Twitter has multiple APIs (Application Programming Interfaces) that you can use to access and download tweets. One is Twitter's REST (Representational State Transfer) API, which you can use to access past tweets and information from profiles of Twitter users. With this API, you can search for tweets on particular topics, but you are limited to tweets from the past 6-9 days. This API will also let you get tweets from a specific account. Here, you can get data further back in time, but only up to a maximum of 3200 tweets. Twitter also has a "streaming" API for collecting tweets in real time. This API provides you with a sample of up to 1% of the total volume of tweets.

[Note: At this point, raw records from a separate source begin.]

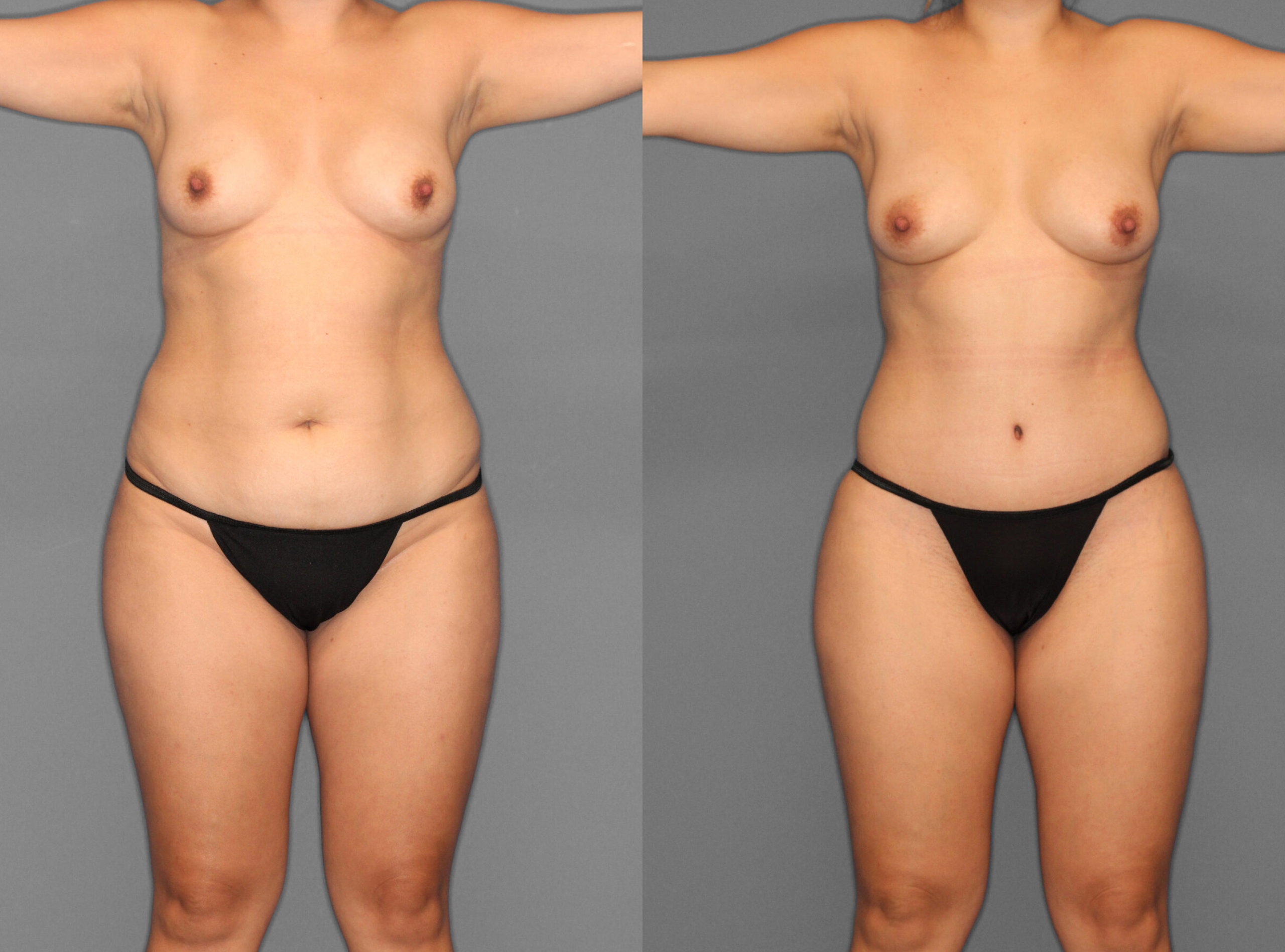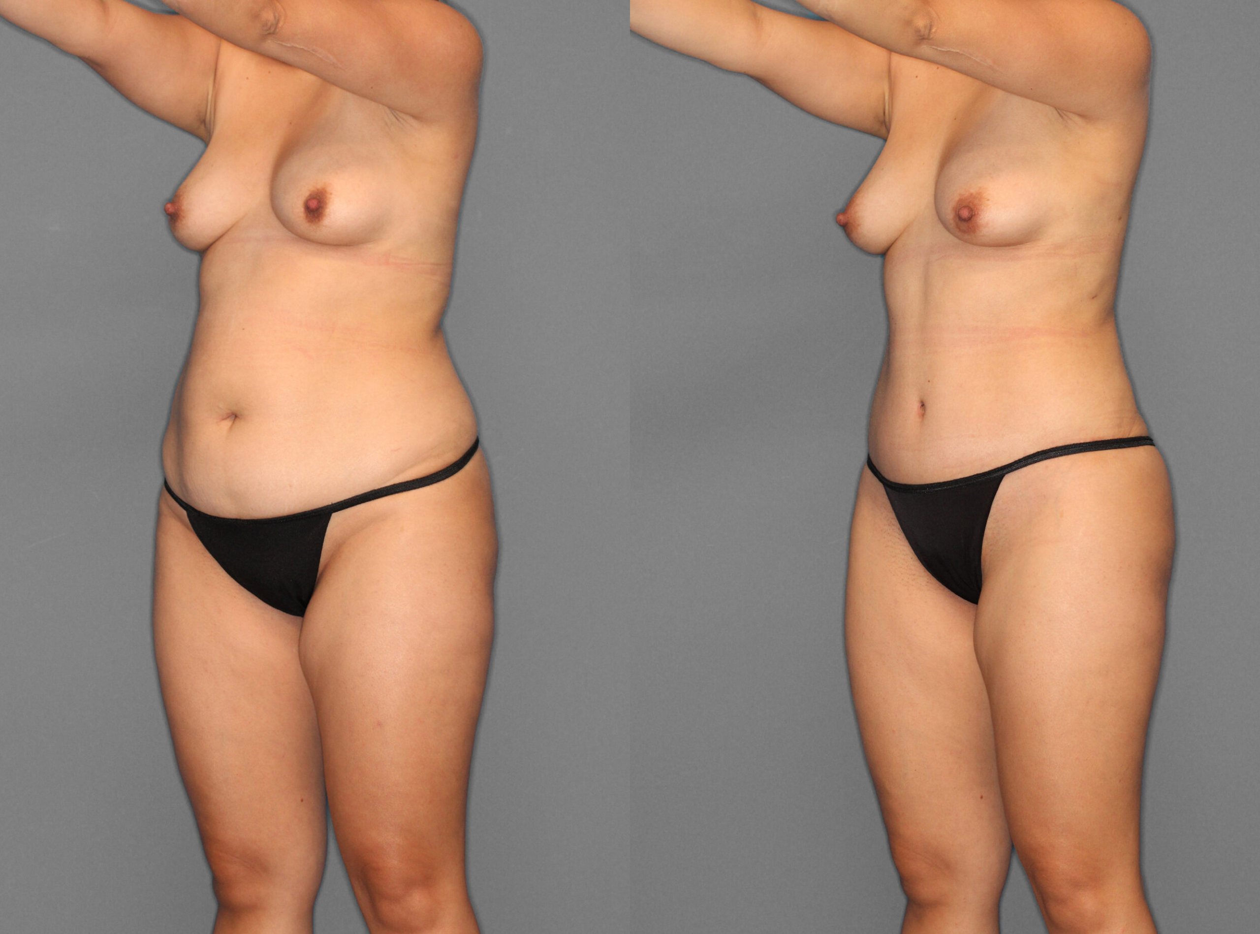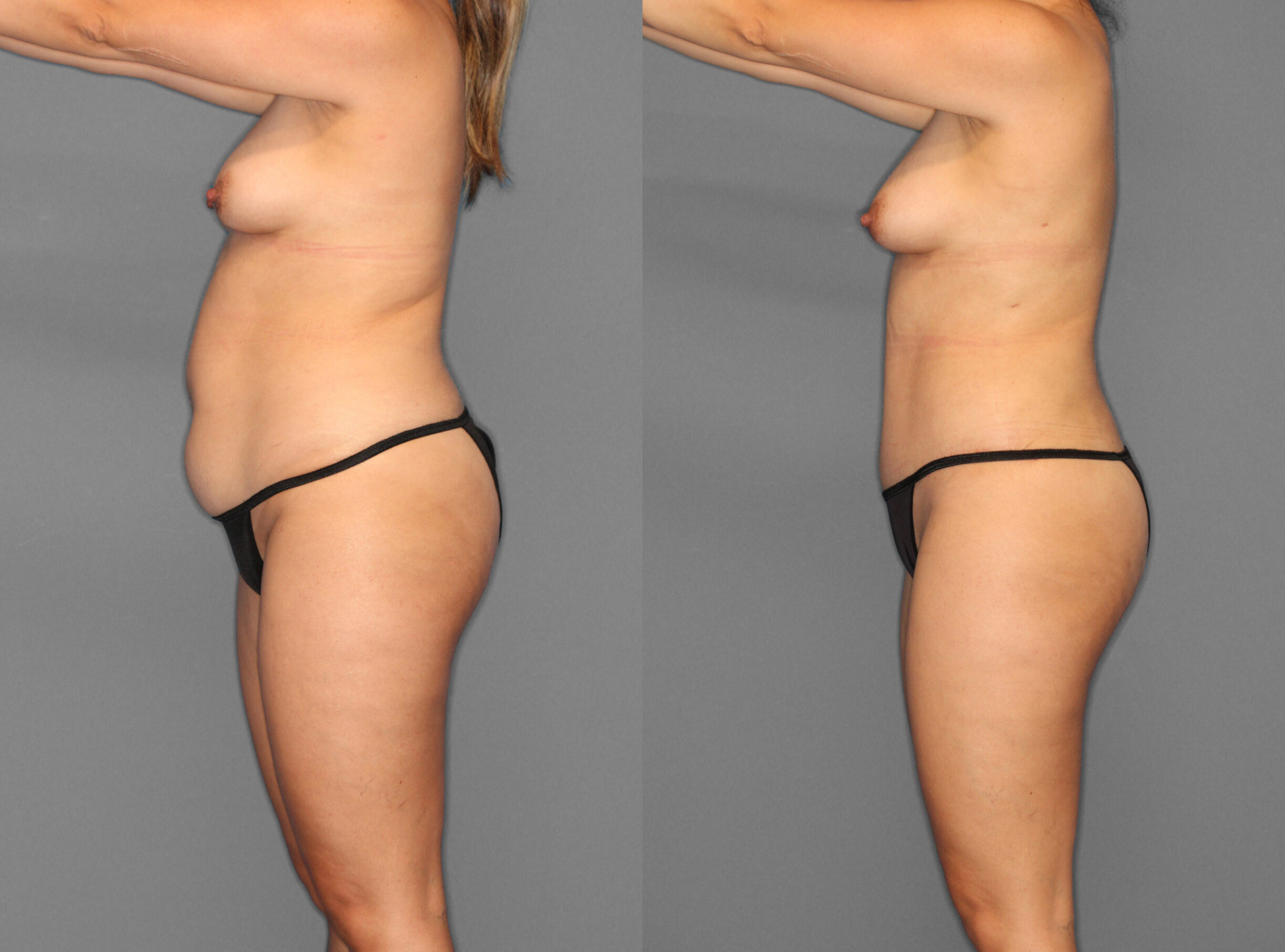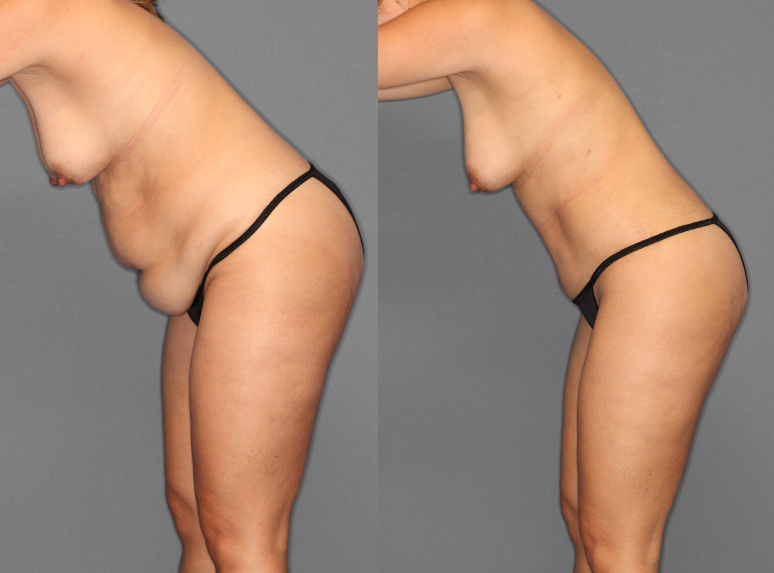 A esta paciente se le realizó Abdominoplastia y Liposucción de flancos, espalda, línea del sujetador. Postoperatorio: 1 mes.
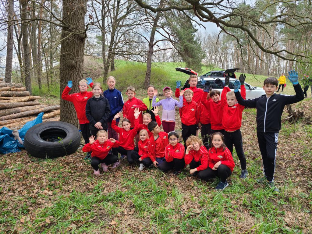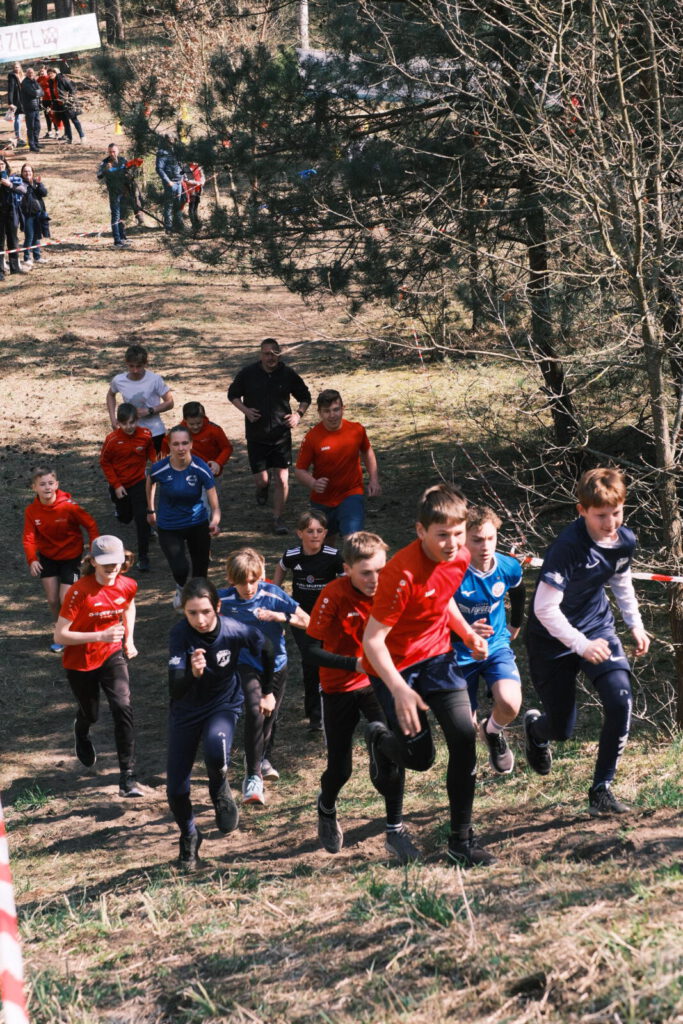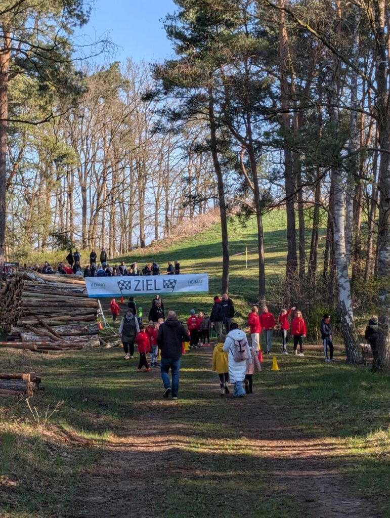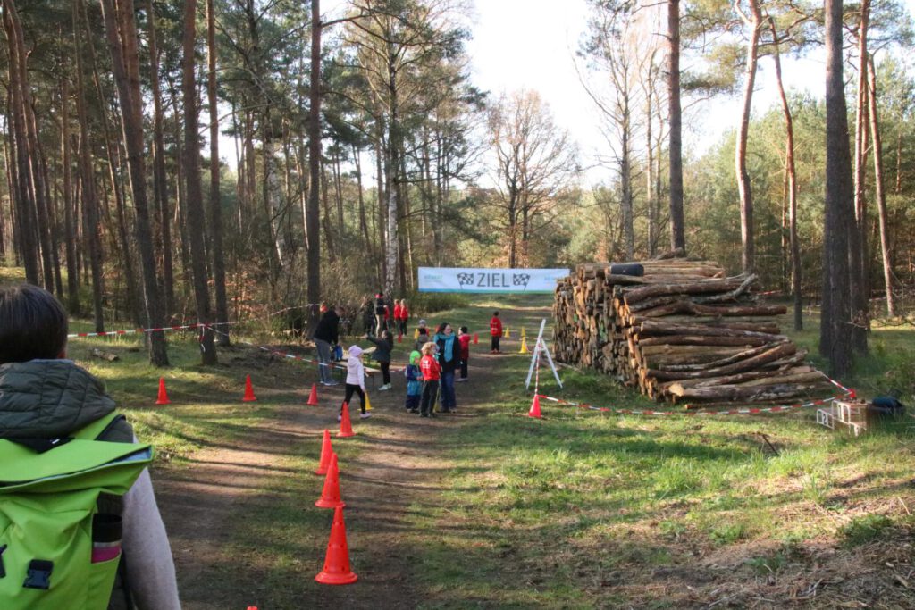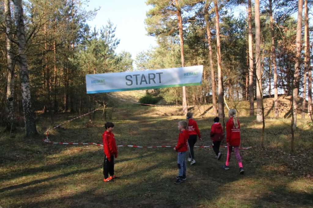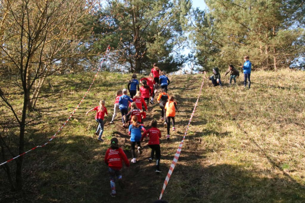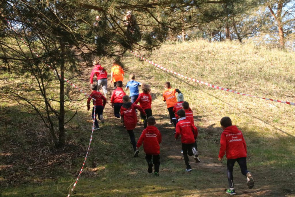 Einen Tag zuvor haben die Leichtathleten den Rodelberg und den umliegenden Wald unweit der Crossstrecke vom Müll befreit und die Strecke vorbereitet. Hier halfen auch einige Eltern. Die Kinder hatten sichtlich Spaß daran. Anschließend wurde die Strecke auch schon abgesperrt.
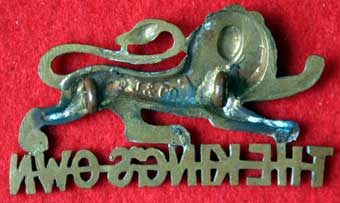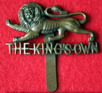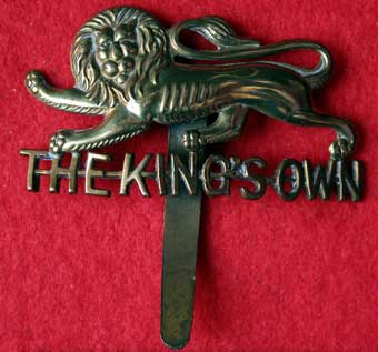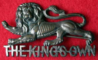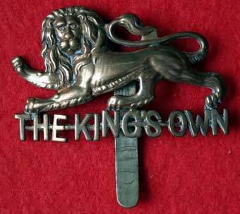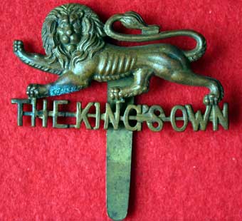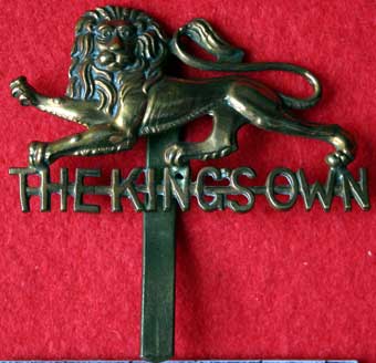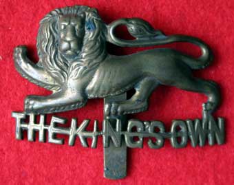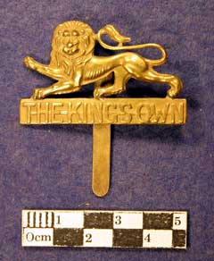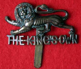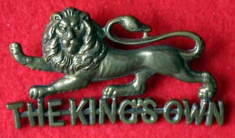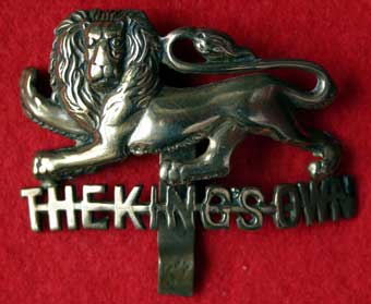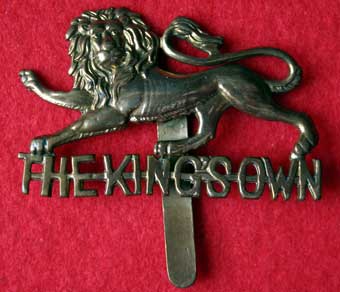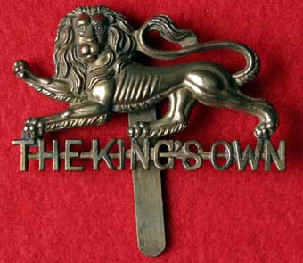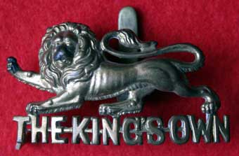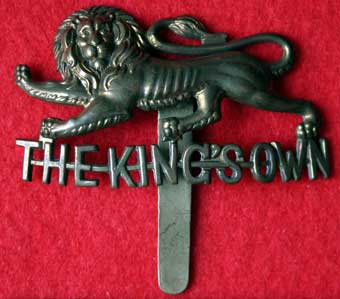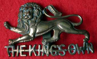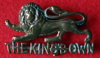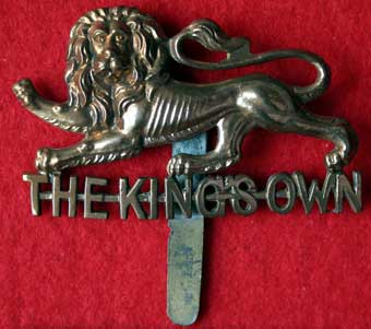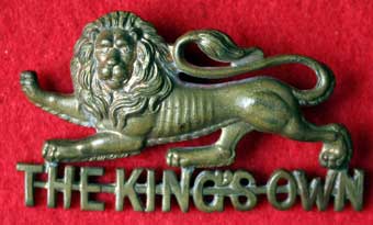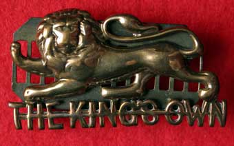 Cap badge of Sergeant C Kelly, King's Own in both the

Twitter has also recently added a "Academic Research Product Tract", which provides free access to "historical" tweets upon application and approval. You can read more about this option here and here.
To make use of Twitter's APIs, you need to have a Twitter account. You also need to get the appropriate credentials from Twitter - see https://apps.twitter.com/.
Here are some useful tools for collecting data from Twitter:
George Washington University's "Where to get Twitter data for academic research" has other suggestions for tools to use in collecting tweets and is, in general, a good primer on options for how/where to get data from Twitter.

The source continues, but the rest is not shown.